* [How to complete this task] Would you restate the entries below word for word, leaving out the images?

Data items

....

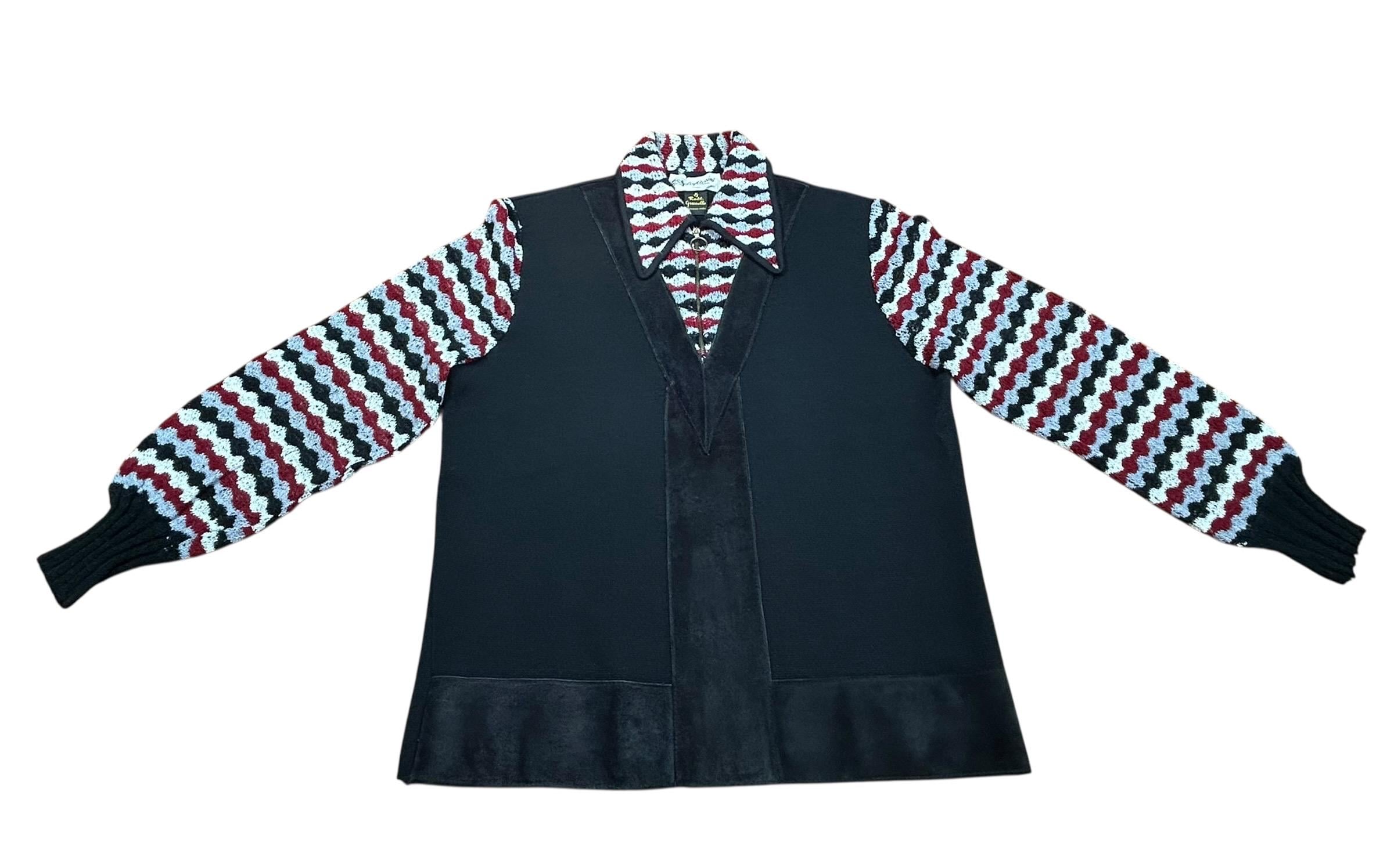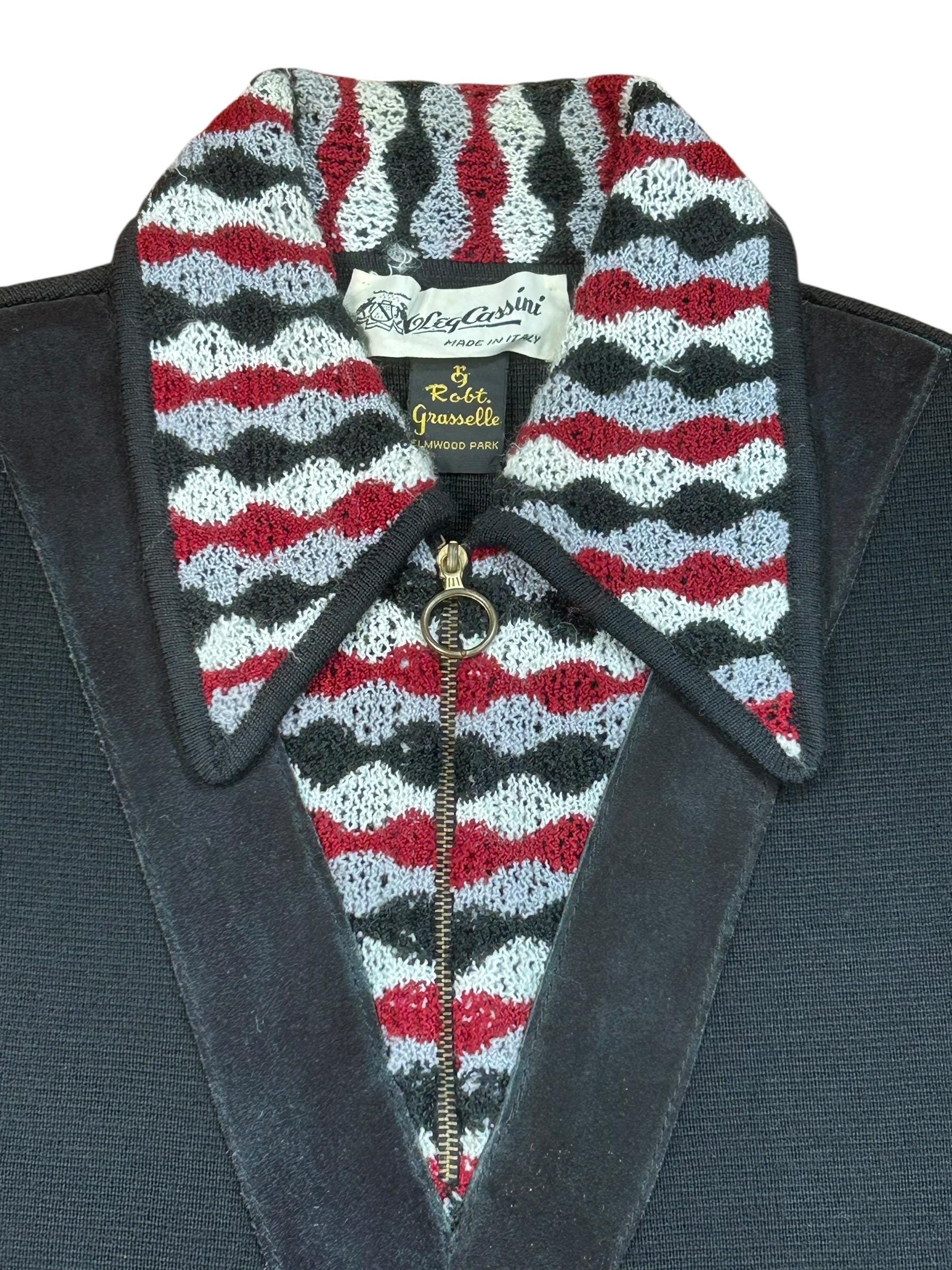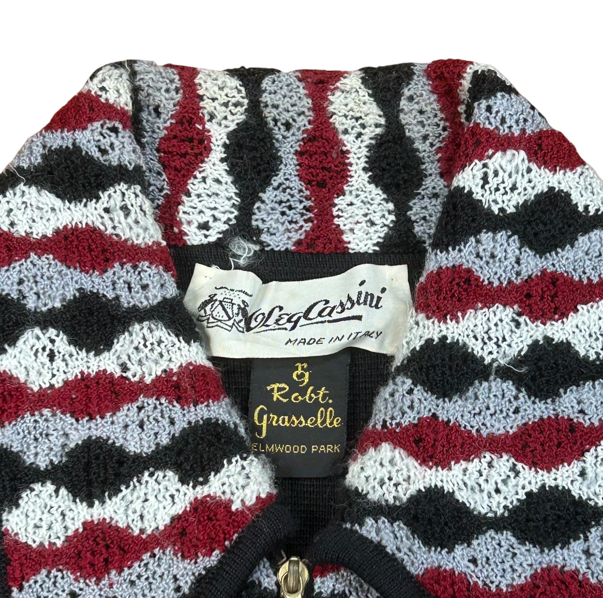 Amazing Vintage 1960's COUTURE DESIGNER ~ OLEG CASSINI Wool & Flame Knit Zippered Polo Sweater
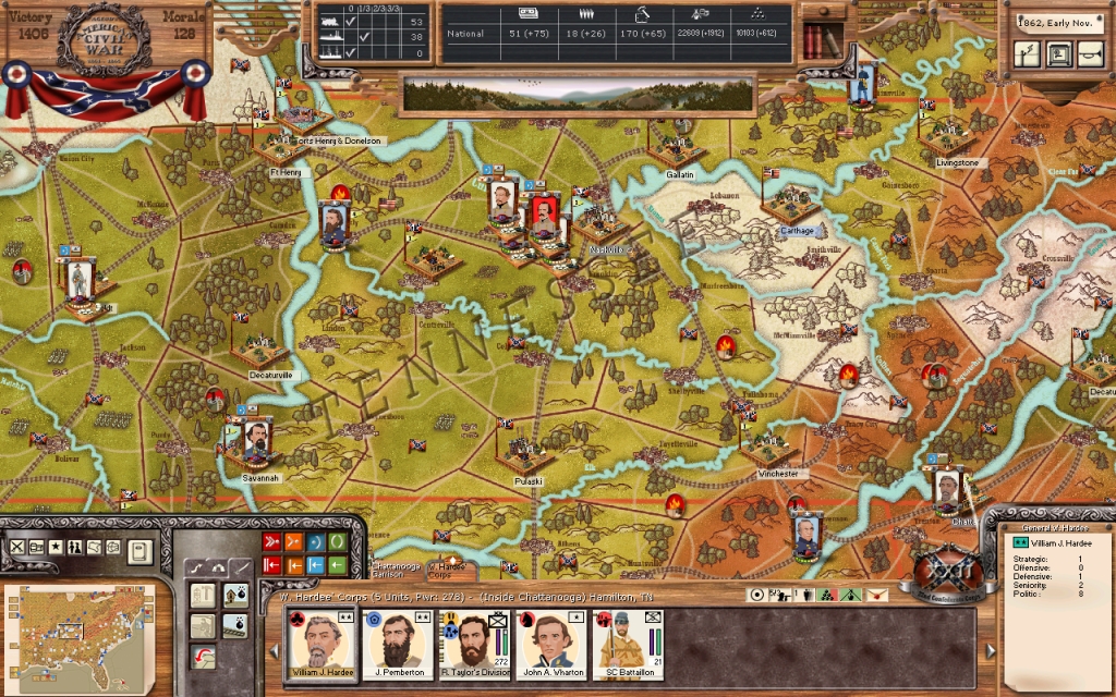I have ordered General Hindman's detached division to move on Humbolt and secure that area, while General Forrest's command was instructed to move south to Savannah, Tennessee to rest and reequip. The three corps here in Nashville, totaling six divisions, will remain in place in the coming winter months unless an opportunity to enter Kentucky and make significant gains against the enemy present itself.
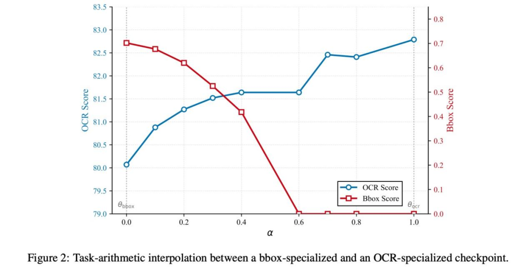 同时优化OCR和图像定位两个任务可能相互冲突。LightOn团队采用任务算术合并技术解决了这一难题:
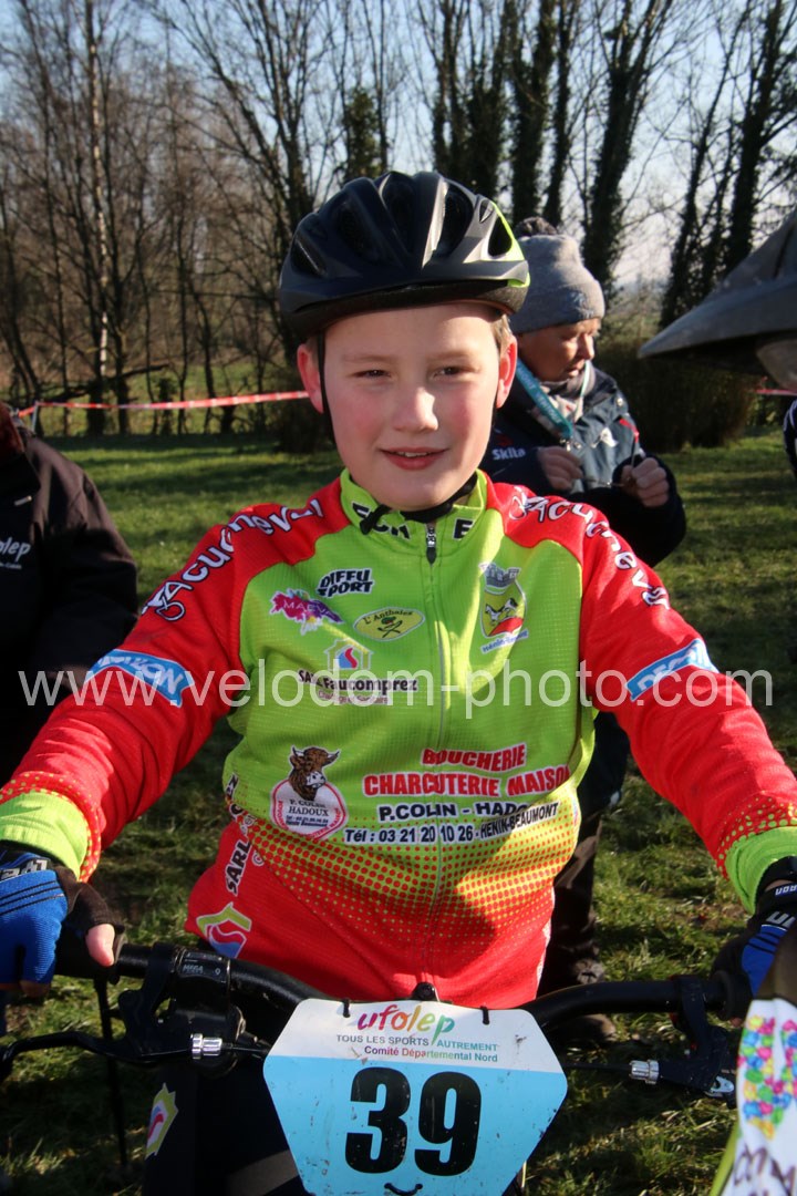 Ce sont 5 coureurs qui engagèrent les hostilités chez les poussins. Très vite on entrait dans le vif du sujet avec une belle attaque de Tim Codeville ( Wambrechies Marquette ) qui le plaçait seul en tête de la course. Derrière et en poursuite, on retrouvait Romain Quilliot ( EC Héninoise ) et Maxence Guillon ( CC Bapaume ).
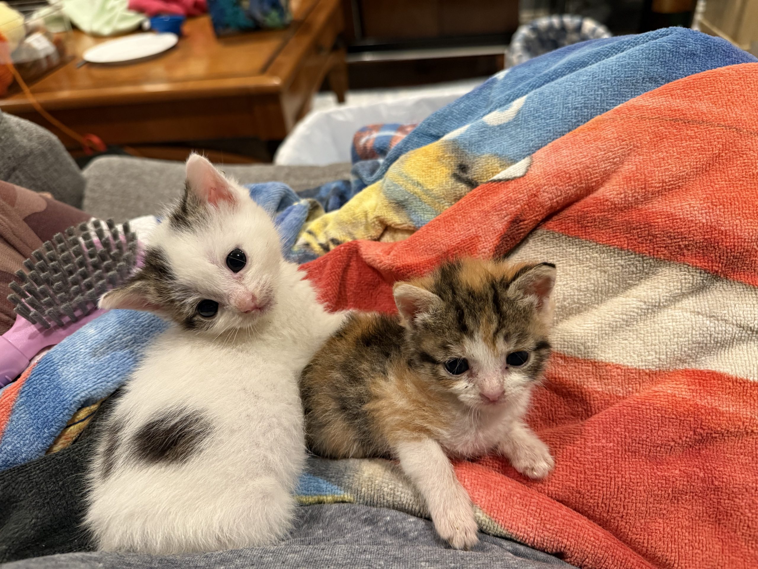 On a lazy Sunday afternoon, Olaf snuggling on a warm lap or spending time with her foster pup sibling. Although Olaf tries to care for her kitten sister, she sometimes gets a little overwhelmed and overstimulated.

....

* [Solved exercise]
 Amazing Vintage 1960's COUTURE DESIGNER ~ OLEG CASSINI Wool & Flame Knit Zippered Polo Sweater
I have ordered General Hindman's detached division to move on Humbolt and secure that area, while General Forrest's command was instructed to move south to Savannah, Tennessee to rest and reequip. The three corps here in Nashville, totaling six divisions, will remain in place in the coming winter months unless an opportunity to enter Kentucky and make significant gains against the enemy present itself.
 同时优化OCR和图像定位两个任务可能相互冲突。LightOn团队采用任务算术合并技术解决了这一难题:
 Ce sont 5 coureurs qui engagèrent les hostilités chez les poussins. Très vite on entrait dans le vif du sujet avec une belle attaque de Tim Codeville ( Wambrechies Marquette ) qui le plaçait seul en tête de la course. Derrière et en poursuite, on retrouvait Romain Quilliot ( EC Héninoise ) et Maxence Guillon ( CC Bapaume ).
 On a lazy Sunday afternoon, Olaf snuggling on a warm lap or spending time with her foster pup sibling. Although Olaf tries to care for her kitten sister, she sometimes gets a little overwhelmed and overstimulated.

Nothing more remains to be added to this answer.